Вернулась она через год. Теперь она называлась Арто-Падилла. Месяц спустя после отъезда из Москвы она вышла замуж за известного баритона.

Падилла был очень красив и, как говорили, глуп. Они женились по страсти.

Чайковский слушал ее в том самом «Черном домино», которое он для нее обработал. Она опять сияла у рампы. Он закрывался биноклем, чтобы Кашкин не видел его слез, бегущих из глаз, падающих на манишку. Самолюбие его не было уязвлено, отчаяния тоже не было. Он плакал от волнения и, плача, испытывал острое блаженство. Ему даже захотелось опять встречаться с ней, опять посвящать ей музыку. И сладко терзаться подле нее…

Но Падилла намекнул через Альбрехта, что встречаться его жене с Чайковским теперь неудобно.

В первые месяцы разлуки с ней, когда от нее не было получено ни одного письма, у него не было ни времени; ни сил думать о ней постоянно, ждать, надеяться: постановка «Воеводы» отнимала у него все мысли. Триста рублей, ассигнованных дирекцией на постановку оперы, были израсходованы на жалкий ремонт каких-то старых дырявых декораций; Меньшикова, при всем старании, не могла постичь некоторых ансамблей, тенор накануне генеральной обнаружил на руке у себя карбункул и, теряя сознание от боли, едва не лежал в объятиях сопрано в некоторые моменты любовных дуэтов. Хор отказывался петь триоли, которые Чайковский заменил дуолями; капельмейстер требовал где-то перестановки духовых. Чайковский менял, кромсал, переставлял. Николай Григорьевич, придя однажды на репетицию и увидев измученное, покорное лицо его, только рукой махнул: разве можно быть такой тряпкой? Надо спорить, настаивать, требовать. Но Чайковский даже не ответил ему. Он ждал одного чтобы все это скорее кончилось.

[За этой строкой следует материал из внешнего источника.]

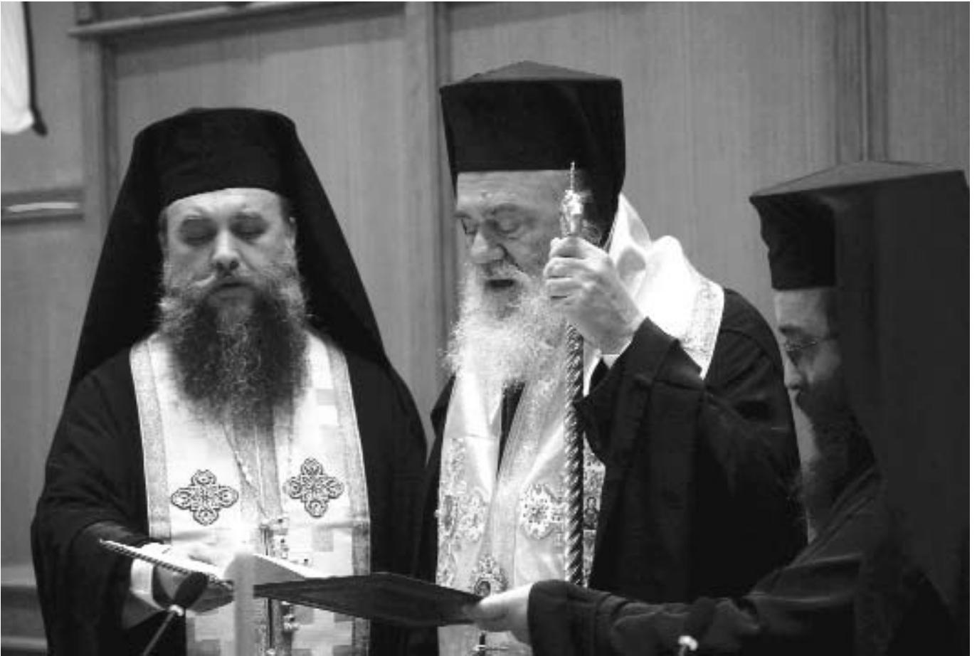
Ὁ Μακαριώτατος Ἀρχιεπίσκοπος Ἀθηνῶν καὶ πάσης Ἑλλάδος κ. Ἱερώνυμος ἐτέλεσε τὴν Ἱερὰ Ἀκολουθία γιὰ τὴν ἑναρξὴ τῶν ἐργασιῶν τῆς Ι.Σ.Ι. (1.10.2008).

νέσθαι, καὶ οὕτως ἐκθέσθαι τὸν κανόνα, ἵνα καὶ τῷ ποιήσαντι τὸ ἀκίνδυνον ἦ, καὶ ὁ ἀποκρινόμενος τὸ ἀξιόπιστον ἔχη ἐν τῇ περὶ τῶν τοιούτων ἀποκρίσει» (μζ΄ Κανὼν Μ. Βασιλείου).

Это кончилось очень скоро: опера прошла всего пять раз и была навсегда снята с репертуара. Первое представление посулило, впрочем, успех — автора вызывали, Меньшиковой хлопали, не одна бутылка была осушена в честь виновника торжества, ничего, кроме огромной усталости, не чувствовавшего. Но дальше успех не пошел. Не соразмерив выражений, Ларош, вышедший за этот год в музыкальные критики, напечатал отчет о «Воеводе». Там говорилось, что Чайковский подражал подражателям Мендельсона и Шумана.

Но не провал «Воеводы», не молчание невесты (Чайковский и сам чувствовал, как это слово мало подходит к Арто), не неудача с «Фатумом», посвященным Балакиреву, над которым Балакирев посмеялся, были причинами все растущей ипохондрии, мизантропии. Он уставал жить. Почему? Ведь он по-настоящему едва начал жить, а уже мечтал не жить, доживать, мечтал о тишине, о безмятежности, о неярких радостях. Он предчувствовал вечное свое одиночество, и что-то подсказывало ему, что ему легче будет справиться с ним вдали от людей, чем на людях. И неудачи творческие только больше заставляли его стремиться к творчеству, и как невозможный идеал ему, не имевшему возможности даже жить отдельно по бедности, мерещилось свободное от обязанностей и ответственностей существование где-нибудь — пусть под родным, пусть под чужим — небом, где он замкнется в себе, никого не подпустит близко к своей музыке, сам себе заменит весь мир.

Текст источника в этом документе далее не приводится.